▶ **TASK DIRECTIONS**:
Write out exactly, excluding pictures, the lines from the one containing "JR East 4-car" through the end of the data, both included.
==== PROVIDED DATA ====
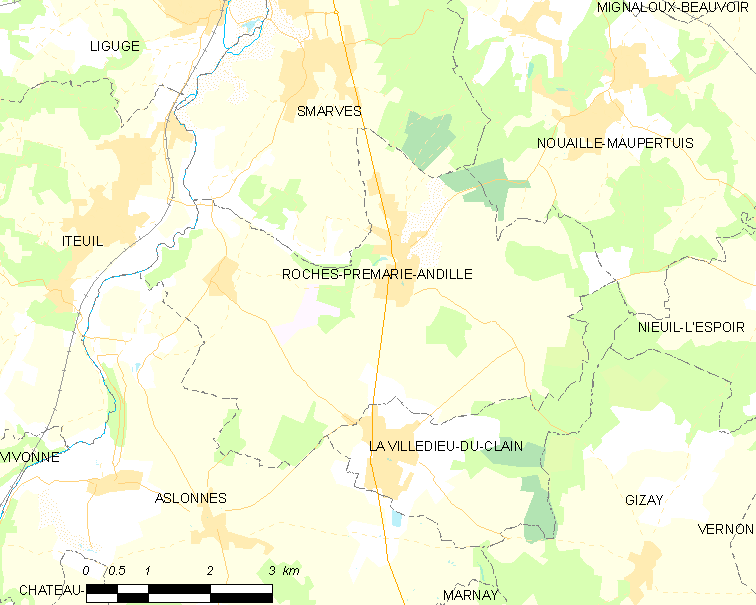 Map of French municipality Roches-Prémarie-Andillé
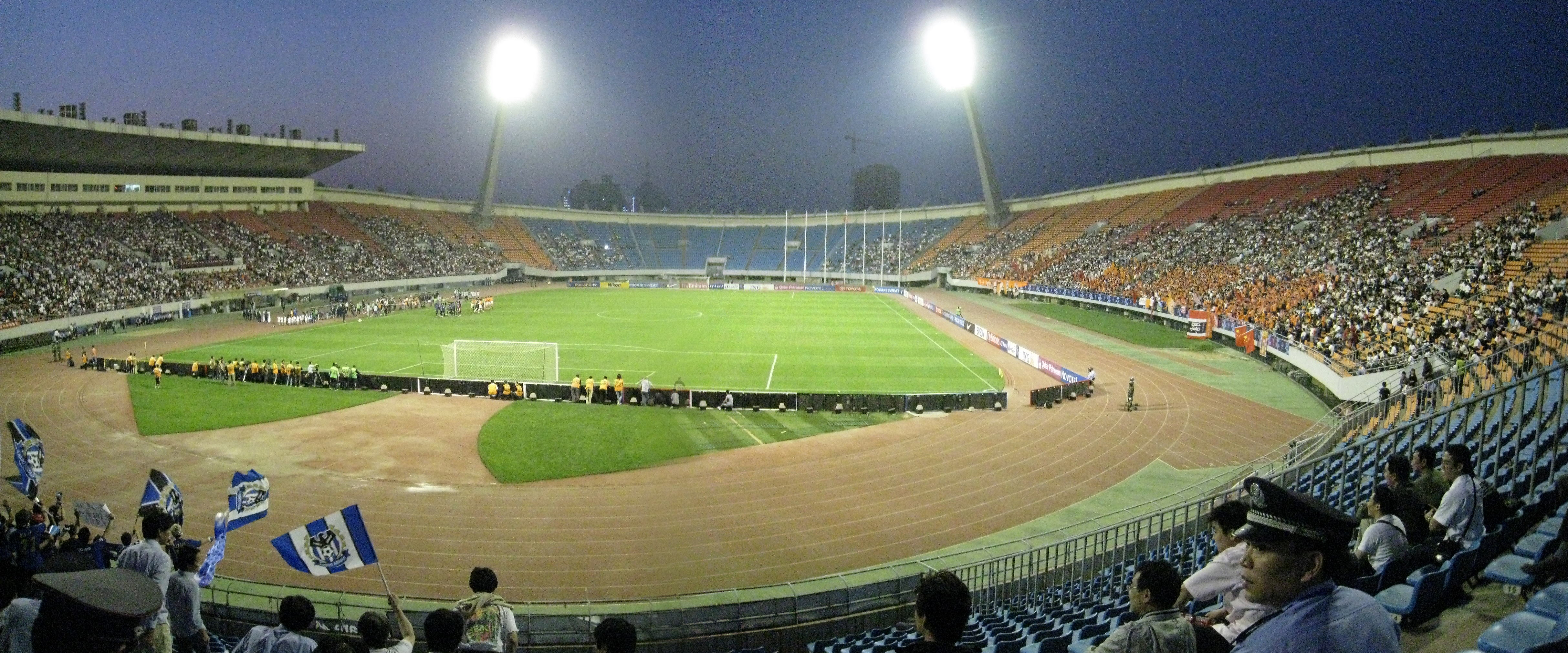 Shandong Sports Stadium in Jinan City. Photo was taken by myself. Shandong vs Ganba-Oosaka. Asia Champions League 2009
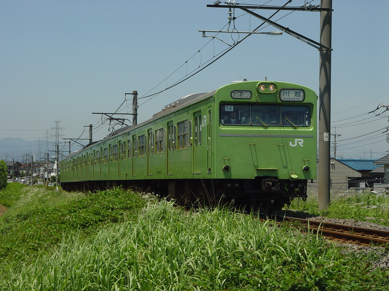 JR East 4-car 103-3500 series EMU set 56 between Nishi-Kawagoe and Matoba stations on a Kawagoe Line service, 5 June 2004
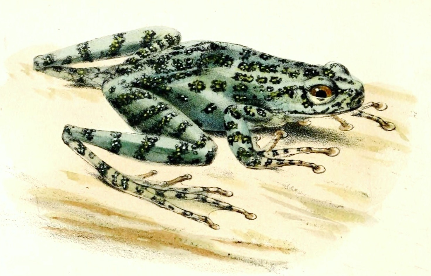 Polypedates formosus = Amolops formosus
====
▶ **RESPONSE FOR THIS EXERCISE**:
 JR East 4-car 103-3500 series EMU set 56 between Nishi-Kawagoe and Matoba stations on a Kawagoe Line service, 5 June 2004
 Polypedates formosus = Amolops formosus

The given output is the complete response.